By adding this test:


def test_wavelet_adjoint(wave_impl, shape_setup, floating_dtype):
    """Verify that the adjoint of the wavelet operator is correct.

    This is done by checking the definition of the adjoint::

        <Ax, y> = <x, Aty>
    """
    # Verify that the operator works as expected
    wavelet, pad_mode, nlevels, shape, _ = shape_setup
    ndim = len(shape)

    space = odl.uniform_discr([-1] * ndim, [1] * ndim, shape,
                              dtype=floating_dtype)

    wave_trafo = odl.trafos.WaveletTransform(
        space, wavelet, nlevels, pad_mode, impl=wave_impl)

    Axy = wave_trafo(x).inner(y)
    xAty = x.inner(wave_trafo.adjoint(y))

    assert Axy == pytest.approx(xAty)

we find that the wavelet transform has a wildly wrong adjoint, off by a scaling factor.
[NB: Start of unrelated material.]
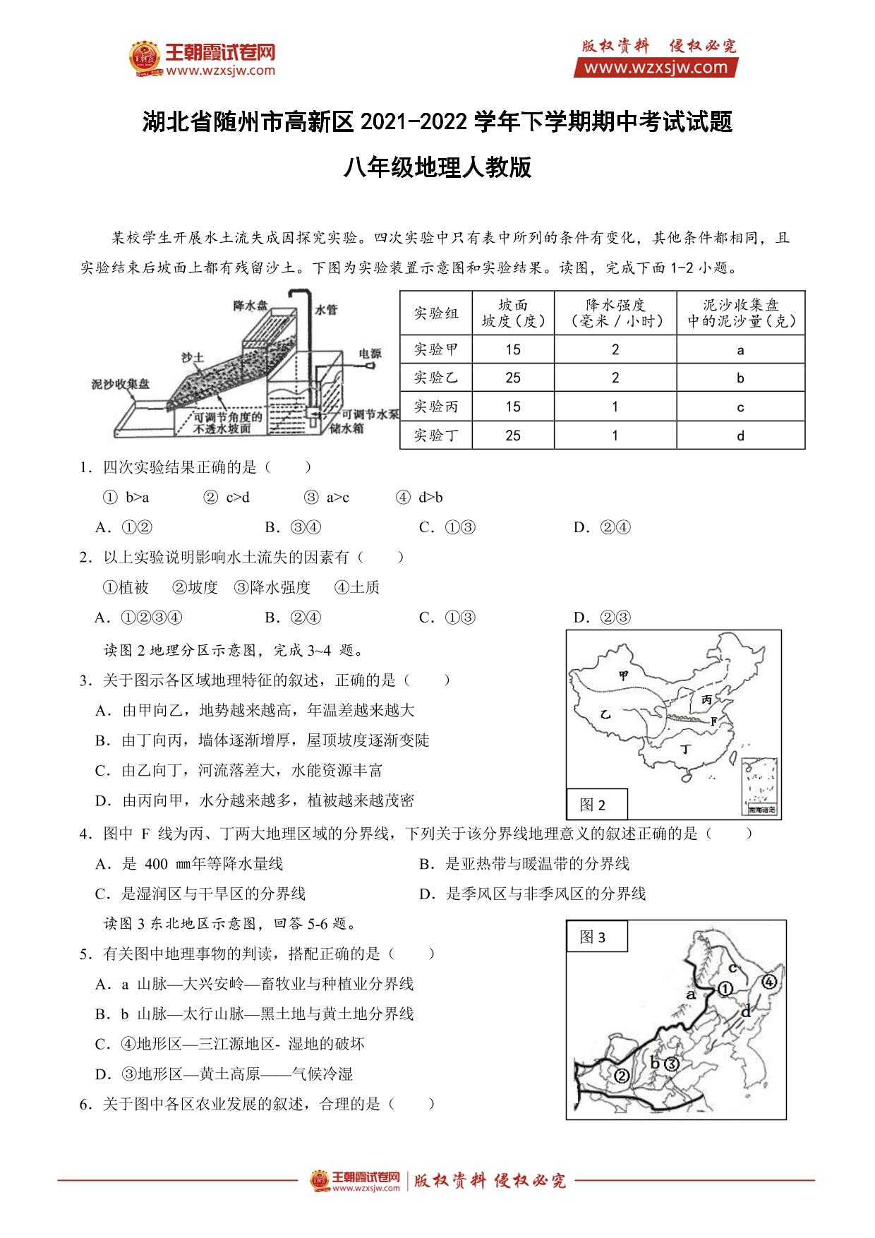 湖北省随州市高新区2021-2022学年下学期期中考试试题八年级地理(人教版)正文

By adding a scaling factor to the last lines, i.e

    scale = 1/wave_trafo.domain.partition.cell_volume
    xAty = scale * x.inner(wave_trafo.adjoint(y))

most tests start working, but certainly not all.

kohr-h commented 8 years ago

It's a known issue that the wavelet adjoint is wrong, at least for non-orthogonal wavelets. See #400, #412 and PR #421 for more info. That PR is incomplete, though, and needs some more work. It has overlap with boundary issues for real-space convolutions. I have the expressions written down but implementation is not done. Surprising though that this volume scaling isn't taken care of.

adler-j commented 8 years ago

Most surprising is that we didn't have tests for this, frankly. Also added tests for fourier transform now and they also fail. All of them.